(What the task asks) Once you find the line containing "Fig. 07) Após", set down exactly that line and every one after it through the end of the listing below, with both ends included and any pictures omitted.

(Data supplied)
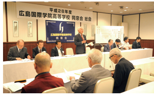
平成28年度の定期総会

平成28年度同窓会・総会は、広島ガーデンパレスにおいて6月22日(土)盛大に開催されました。
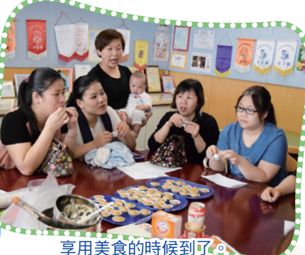
享用美食的時候到了。
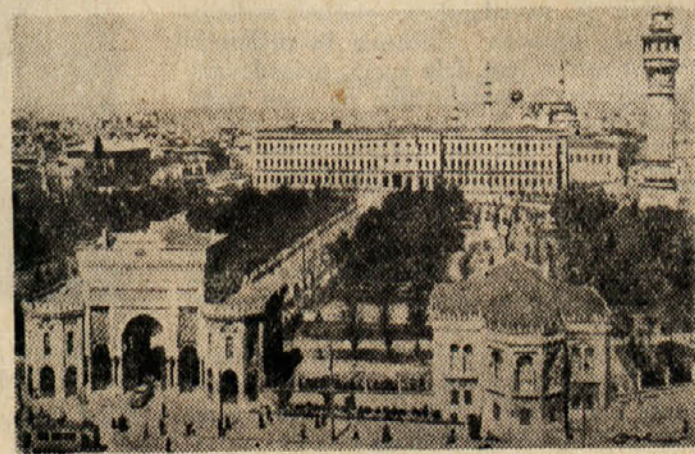
Univerza v Carigradu, največjem in nekdanjem mestu Turčije

Pomembno politično aktivnost razvija Turčija v okviru balkanskega pakta, v katerem se skupno z Jugoslavijo in Grčijo bori za čim tesnejše prijateljstvo med narodi jugovzhodne Evrope in s tem za zagotovitev miru v tem delu sveta. Trenutni obisk maršala Tita v Turčiji, na povabilo turškega predsednika republike Dželala Bajara, je eden izmed mehanizmov na tej poti, po kateri sodobna Turčija smelo koraka iz nedavne zaostalosti v moderno napredno državo.
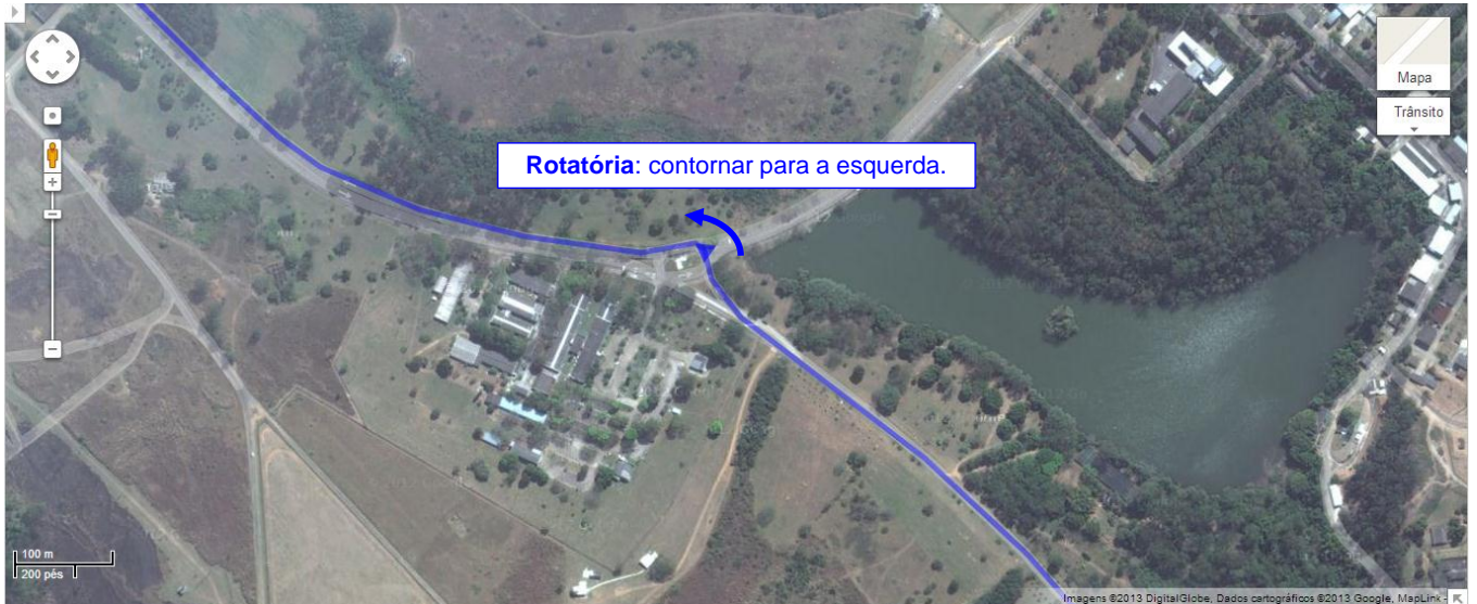
Fig. 08) Caminho completo por dentro do DCTA para se chegar aos prédios do ITA onde ocorrem as Apresentações Orais, Showroom das Aeronaves e Cerimônia de Abertura. Para se chegar a estes locais, deve se fazer o contorno conforme indicado na figura abaixo (dentro do retângulo tracejado branco) fazendo um retorno na rotatória e voltar na direção do Prédio da Eletrônica do ITA ou se possível, usar a conversão a direita mostrada na Fig. 09.

Fig. 07) Após o portão de entrada e da identificação das equipes, seguindo por dentro do DCTA na via principal de ligação do portão aos prédios do ITA, existe uma rotatória. Os veículos devem passar por esta rotatória contornando a esquerda e seguindo-se em frente na mesma via.
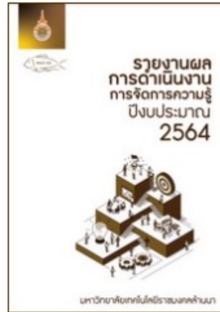
รายงานผลการดำเนินงาน การจัดการความรู้ มทร.ล้านนา ปีงบประมาณ 2564
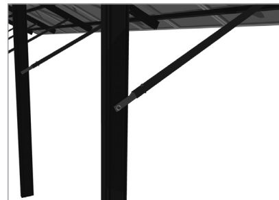
Reposapiés delantero con anclaje fijo
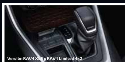
Versión RAV4 XLE y RAV4 Limited 4x2
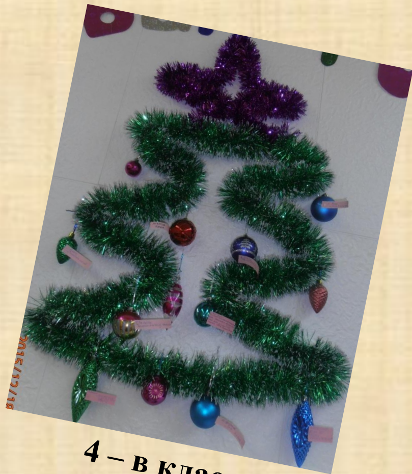
4 – в класс
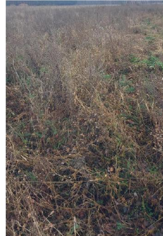
Prüferfoto vom 25.11.2025

Reicht leider nicht aus Keine genauen Angaben zu den Maßnahmen
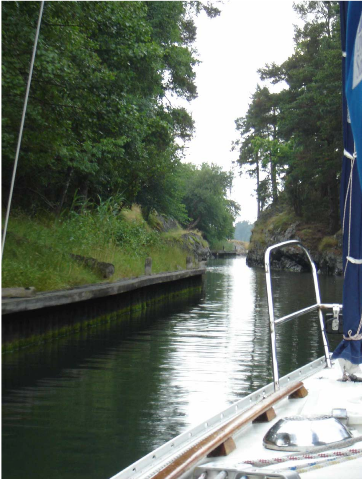
Vinnande bild i S30-bladets fototävling 2006.
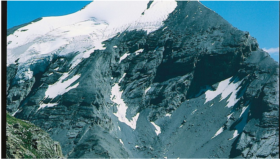
Ins Reich
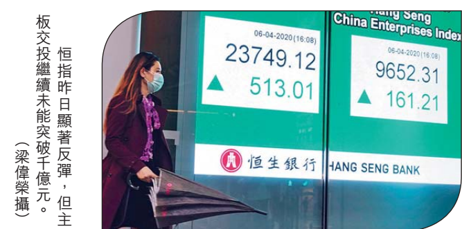
板交投繼續未能突破千億元，但主

(Answer section)
Fig. 07) Após o portão de entrada e da identificação das equipes, seguindo por dentro do DCTA na via principal de ligação do portão aos prédios do ITA, existe uma rotatória. Os veículos devem passar por esta rotatória contornando a esquerda e seguindo-se em frente na mesma via.
รายงานผลการดำเนินงาน การจัดการความรู้ มทร.ล้านนา ปีงบประมาณ 2564
Reposapiés delantero con anclaje fijo
Versión RAV4 XLE y RAV4 Limited 4x2
4 – в класс
Prüferfoto vom 25.11.2025

Reicht leider nicht aus Keine genauen Angaben zu den Maßnahmen
Vinnande bild i S30-bladets fototävling 2006.
Ins Reich
板交投繼續未能突破千億元，但主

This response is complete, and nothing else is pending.